Joe thought that was a realistic amount and wanted to purchase a 20 year term as he believed that was the least expensive way to buy life insurance. The agent provided Joe with a quote of $495 a year for the 20 year level term policy with an A+ rated life insurance company. The total cost to Joe over the 20 years would be $9,300. The guaranteed annual premium for year 21 would then be $11,065 which is more than the previous 20 years premium in total and the premium will increase every year after that.

If Joe maintained his good health he could reapply for a lower rate but if he was unfortunate enough to have some major health issues along the way, he would have to pay that premium or give up the coverage.
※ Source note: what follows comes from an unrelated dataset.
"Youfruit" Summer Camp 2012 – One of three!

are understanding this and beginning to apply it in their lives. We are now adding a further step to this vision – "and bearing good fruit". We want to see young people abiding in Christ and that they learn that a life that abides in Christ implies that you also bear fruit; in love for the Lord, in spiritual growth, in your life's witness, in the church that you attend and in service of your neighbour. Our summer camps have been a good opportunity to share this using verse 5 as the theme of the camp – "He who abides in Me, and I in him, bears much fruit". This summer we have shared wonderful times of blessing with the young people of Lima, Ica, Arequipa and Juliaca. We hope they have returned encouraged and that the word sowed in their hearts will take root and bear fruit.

Joe certainly thought he was going to live longer than 20 years as he was only 35 and close to that I am invincible/immortal thinking age that many younger people have.
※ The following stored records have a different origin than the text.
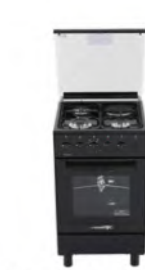
Cook your family's favorite recipes with this La Germania Range from Italy. Features include 3 gas burners, 1 electric hotplate, gas oven and grill.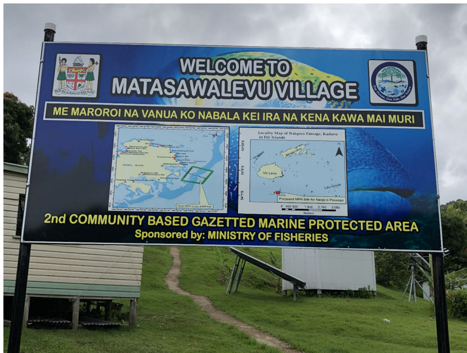
Fig. 2 Information boards for the gazetted MPA at the entrance of Matasawalevu village (2019).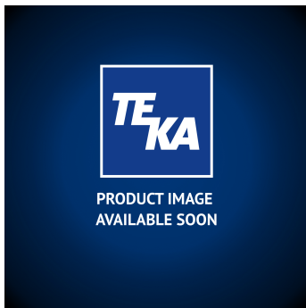
Extension set H13 filter for FilterCube 4 Product No.: 4000950144002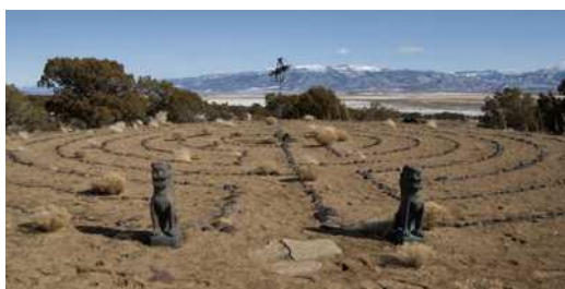
The Labyrinth at Sage Hills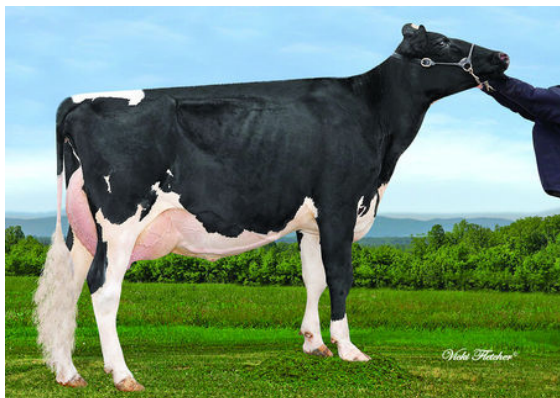
REDSTONE SLEEMAN PHILIPPA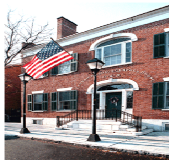
DAR Chapter House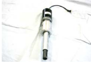
P100314 Stand Recline Actuator (Old)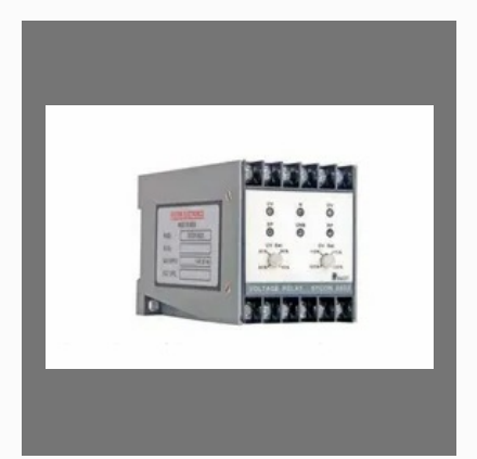
Under Voltage / Over Voltage Relay

The agent mentioned to Joe that he was also in the process of creating a potentially risky as well a fully taxable retirement plan and the income from it can reduce other government benefits he may qualify for by saving so much money in just his 401k plan. Such as higher taxation of Social Security benefits as well as potentially higher medicare health insurance expenses for both he and his wife during retirement

He explained to Joe that by putting all of his savings into the 401k plan, he was also putting all of his savings at risk, as there are no guarantees in these plans. It wasn’t too many years ago, 2008, that most people’s 401k plans became what unfortunately ended up being called 201k plans due to the sudden 40% drop in the stock market. Many people got out of the markets at that time and never got back in to take advantage of the re-surging market.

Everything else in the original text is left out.